Setelah makan siang, kami diajak Pak Randi dan Jihan untuk bersantai di tepi kolam renang sambil berbincang dan menghisap rokok.
Aku memperhatikan Jihan, ternyata dia perokok berat. Rokok demi rokok dihisapnya silih berganti.
Jihan bekerja sebagai manajer proyek di sebuah perusahaan teknik mekanikal dan elektrikal.
Selama berbincang, aku merasakan tatapan Jihan yang intens. Rasanya seperti ada magnet yang menarikku padanya. Dia cantik, dan… aku mulai merasa gelisah.
“Aduh, jangan-jangan aku jatuh cinta nih sama Jihan,” gumamku dalam hati. “Jangan kasih harapan, Jihan. Aku ini orang kampung yang sederhana, mana mungkin bisa mendapatkan wanita secantik dan seanggun kamu.”
“Dra, mau nonton film nggak?” tanya Jihan, suaranya terdengar menggoda.
Tiba-tiba, tanganku terasa hangat. Jihan memegang pahanya, tepat di bagian atas. Pak Randi melihatnya, namun dia hanya tersenyum santai.
“Kalau aku yang diposisinya Pak Randi, pasti sudah…,” batinku. Jihan cantik, seksi, dan menggoda. Namun, aku perhatikan, payudaranya terlihat agak kendur. Untungnya, dia pakai baju yang cukup tebal, sehingga putingnya tidak terlihat.
“Ayo,” ajak Jihan, lalu menggenggam tanganku di depan Pak Randi. Astaga, aku jadi takut kena marah Pak Randi.
Saat kami hendak masuk ke dalam, ponsel Pak Randi berdering.
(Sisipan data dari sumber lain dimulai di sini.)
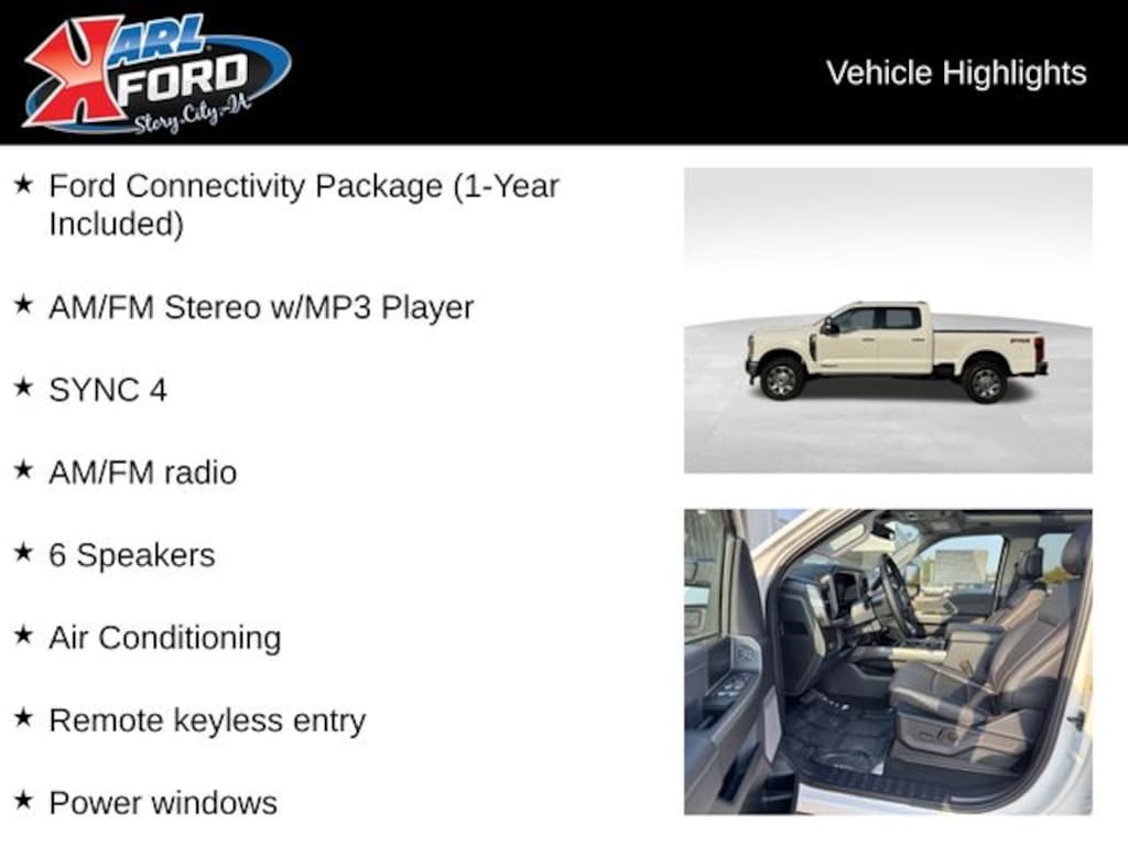 Your Dealer for Life, Karl Ford of Story City. When you buy a new car at Karl Ford of Story City you know you're finding a vehicle you can rely on. We have a great selection of new vehicles for you to test drive around Ames and Des Moines, IA. We also pride ourselves in creating a friendly atmosphere and reliable new car dealership that you can trust. Call us with any questions about our 2026 Ford F-350SD and our experts will be glad to help you! (515) 733-4364. *Equipment and options are generated by a 3rd party vendor, exact vehicle options may vary. Please see a salesperson for complete details and vehicle information.

“Eh, kalian lanjut saja dulu. Aku mau jawab telepon dulu,” ujar Pak Randi.
“Yuk, Dra, kita ke ruang keluarga, nonton TV,” ajak Jihan.
“Sayang?” Apakah aku salah dengar? Dia memanggilku sayang di depan Pak Randi? Aku melirik Pak Randi, dia hanya mengedipkan mata dengan senyum jahil.
“Wah, ini kesempatan emas,” batinku.